Social factors have bigger effect on longevity than genes

11 years, 3 months ago

3211  0
Posted on Sep 02, 2008, 6 a.m. By Rich Hurd

A three-year-long analysis of the “social determinants” of health by the World Health Organization (WHO) has led them to the conclusion that social factors - not genetics - are to blame for the huge variations in ill health and life expectancy seen around the world, a report concludes.

A three-year-long analysis of the “social determinants” of health by the World Health Organization (WHO) has led them to the conclusion that social factors - not genetics - are to blame for the huge variations in ill health and life expectancy seen around the world, a report concludes.

The report, which was complied by a panel of experts forming the WHO's Commission on the Social Determinants of Health, found that a girl born in Japan is, on average, likely to live for 42 years longer than a girl born in the African country of Lesotho. Inequities in life expectancy and morbidity between countries have been reported for many years, however this report is the first to highlight the large variations in life expectancy that also occur within different regions of countries and suburbs of cities throught the world. For example, a boy living in Calton, a deprived suburb of the Scottish city of Glasgow will, on average, live for 28 years less than a boy born in Lenzie, an affluent suburb a couple of miles away.
 
In short, the report showed that poor socioeconomic circumstances equated to poor health. Furthermore, the differences in morbidity and longevity were so significant that genetics were deemed insignificant in comparison. It also revealed that wealth alone does not determine the health of a nation. Several countries, including: Cuba, Costa Rica, China, and Sri Lanka, have managed to achieve good levels of health despite their relatively low national incomes.  
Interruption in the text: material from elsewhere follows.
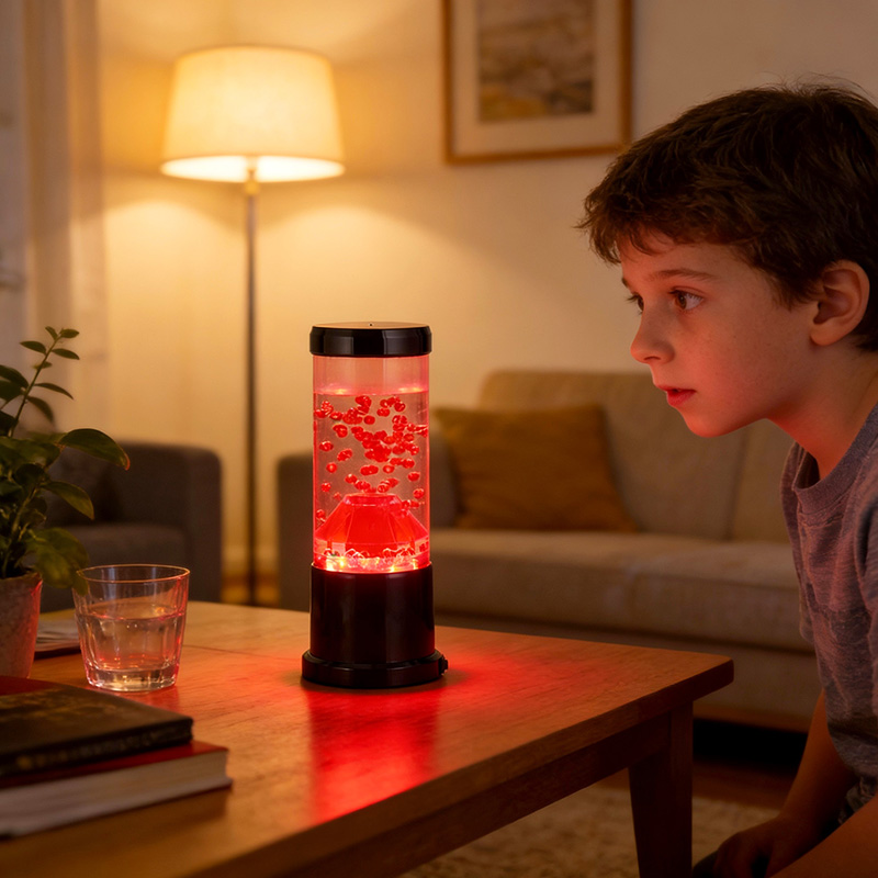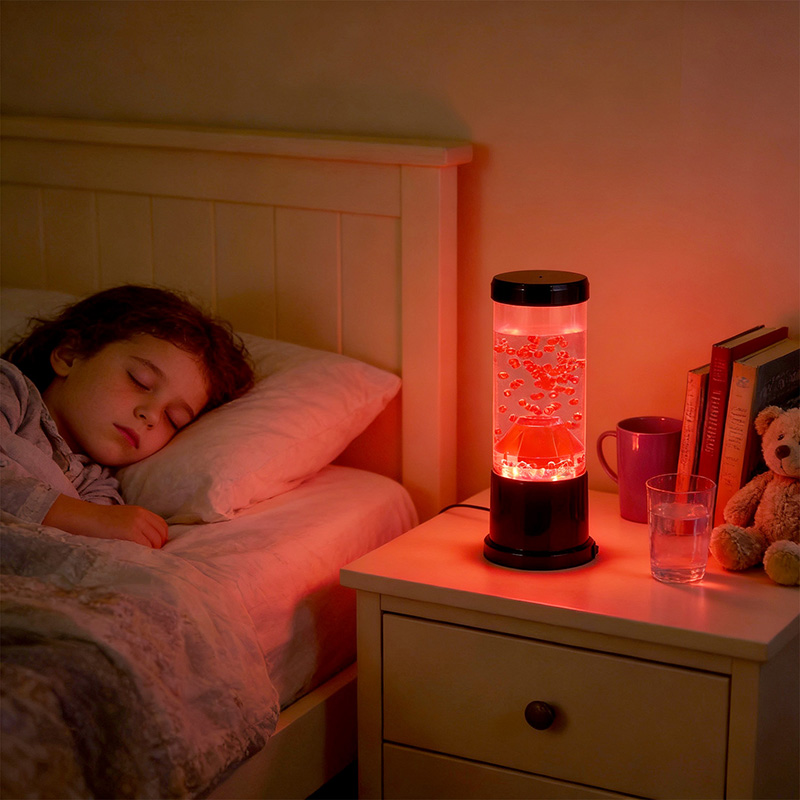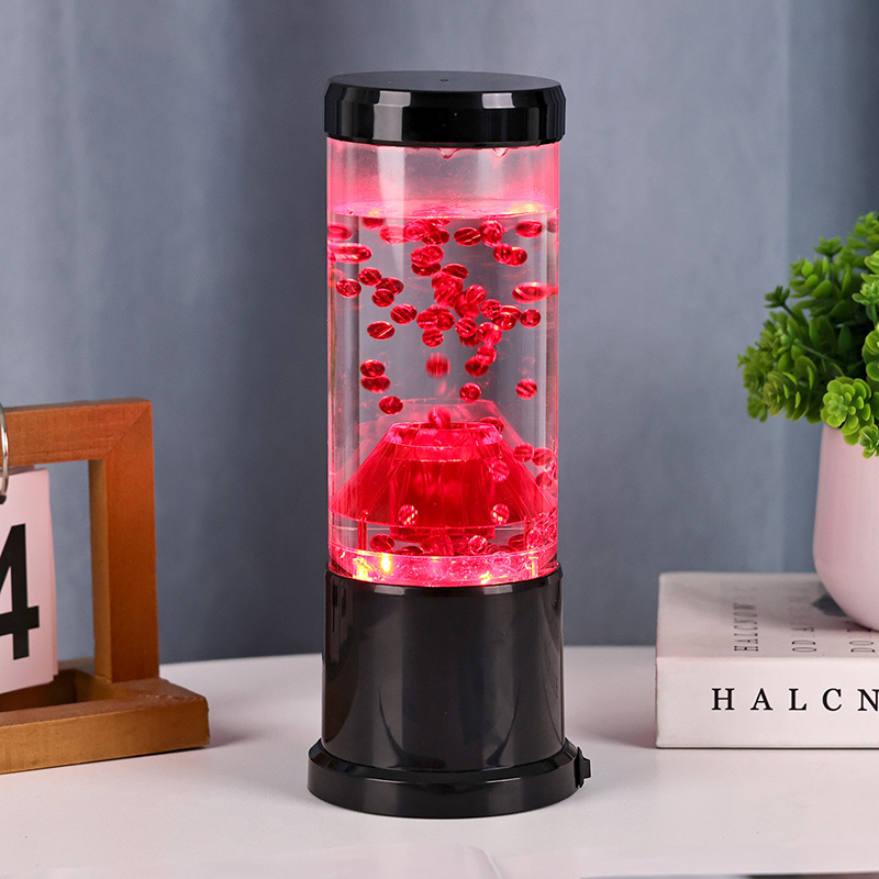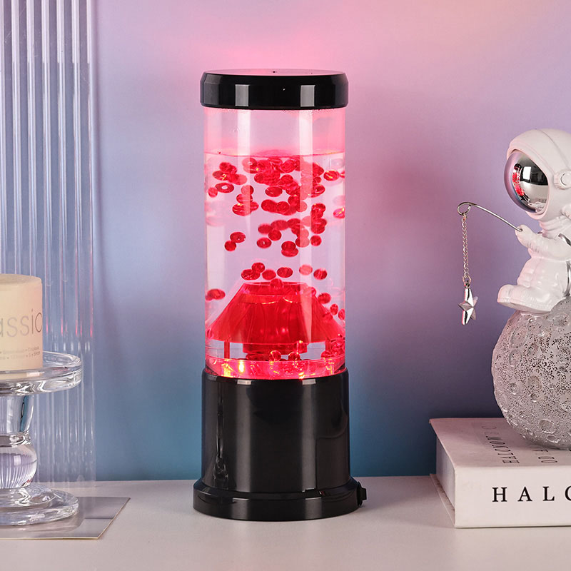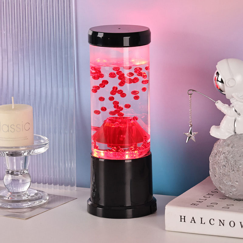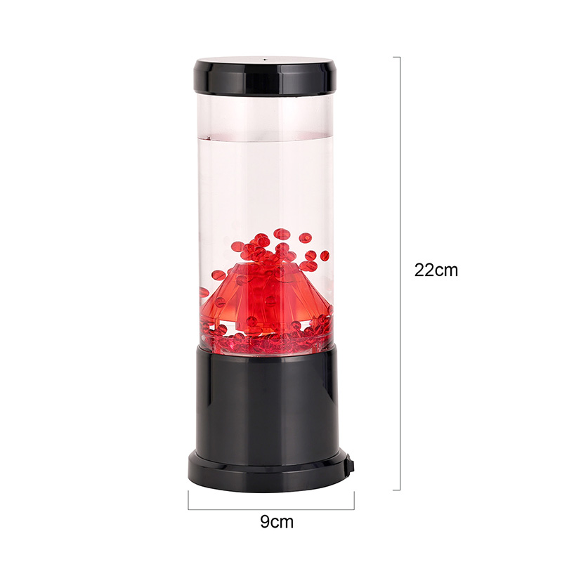 La pieza central de la luz nocturna es una columna transparente que recuerda a un cráter volcánico. Dentro de esta columna, encontrará una exhibición vibrante de esferas rojas, que recuerdan a la lava fundida que fluye dentro de la corteza terrestre. Estas esferas flotan con gracia dentro de un líquido transparente, creando un efecto visual dinámico y en constante cambio. A medida que la luz brilla, proyecta un brillo cálido y acogedor, perfecto para crear un ambiente acogedor en cualquier habitación.

The authors wrote: “[The] toxic combination of bad policies, economics, and politics is, in large measure responsible for the fact that a majority of people in the world do not enjoy the good health that is biologically possible." To combat the problem of health inequity, they recommend that governments follow the shining example of Nordic countries that have introduced policies which encourage equality of benefits and service, full employment, gender equity, and low levels of social exclusion.

Closing the gap in a generation: Health equity through action on the social determinants of health. Commission on Social Determinants of Health. World Health Organization. Full report from WHO website.